Homelessness is bad enough at any time of the year. But, at Christmas, it becomes an even more harrowing part of city life.

When I say “harrowing”, that’s not because I have any, remote idea what it’s like to be homeless; rather I’m lucky enough to have a place to live, with all the basic human needs of food, clothing, warmth and with family and friends close at hand. I’ve never had to comprehend what life would be like without those things that, admittedly, I take for granted.

And that’s why, this year, Metamorphic PR is donating to a homeless charity in our home city of Manchester.
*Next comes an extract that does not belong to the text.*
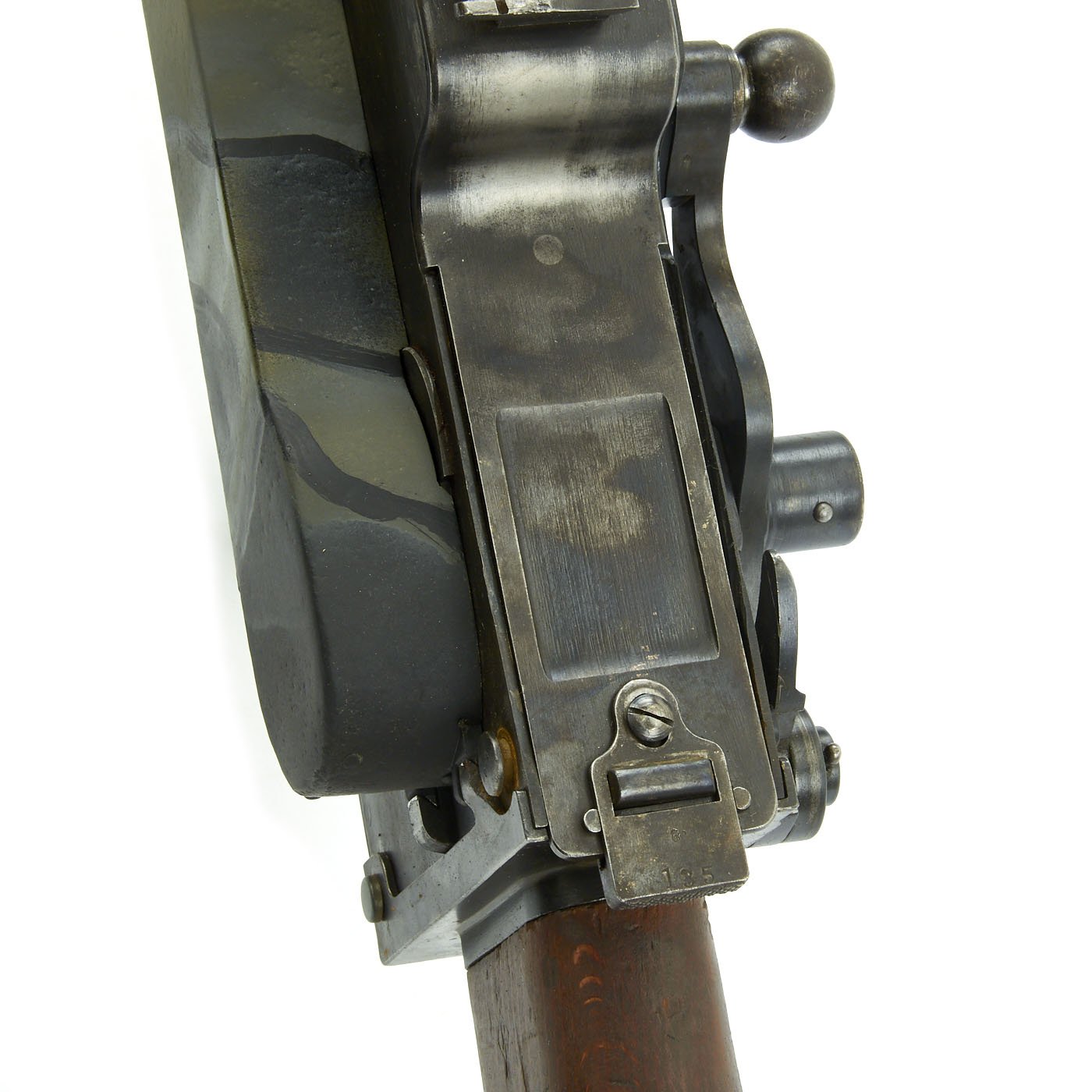 The top cover is marked with serial number 5135/d, and the top latch is matching, but the rest of the parts have different serial numbers. There are lot of markings and proofs on this example, typical of WWI German production. There is even a maker mark on the bottom of the bipod, which looks like interlocking letter "S"s. The fusee spring cover and water jacket have very nice camouflage paint jobs, though these were done post war. The camouflage is very well executed and certainly add to the display appeal.

Manchester, according to national homeless charity Shelter, has the highest levels of homelessness in North West England, with an estimated 2,000 people living either on the streets or in temporary accommodation. But you don’t need official figures to know there’s a homelessness problem in Manchester that doesn’t seem to be getting better. Walk through city centre Manchester at any time of day or night and you will find people trying to sleep, keep warm and survive on the streets of an otherwise prosperous city.

Whatever the root causes of homelessness – not just in Manchester, anywhere – it’s easy to blame the Government or local authority for not doing enough. Granted, they probably deserve our disapprobation; but I don’t think it’s enough for us, as a community, to lambast public servants without taking our own action where we can.

So, with that in mind, we are donating to the Greater Manchester Winter Night Shelter. As the website explains, it makes beds available to rough sleepers in a network of seven churches:

“The aim of the GMWNS is to provide guests with temporary accommodation alongside the support from the staff and services at the Booth Centre [Manchester charity providing help and advice to homeless people] with the aim of helping them towards creating a home.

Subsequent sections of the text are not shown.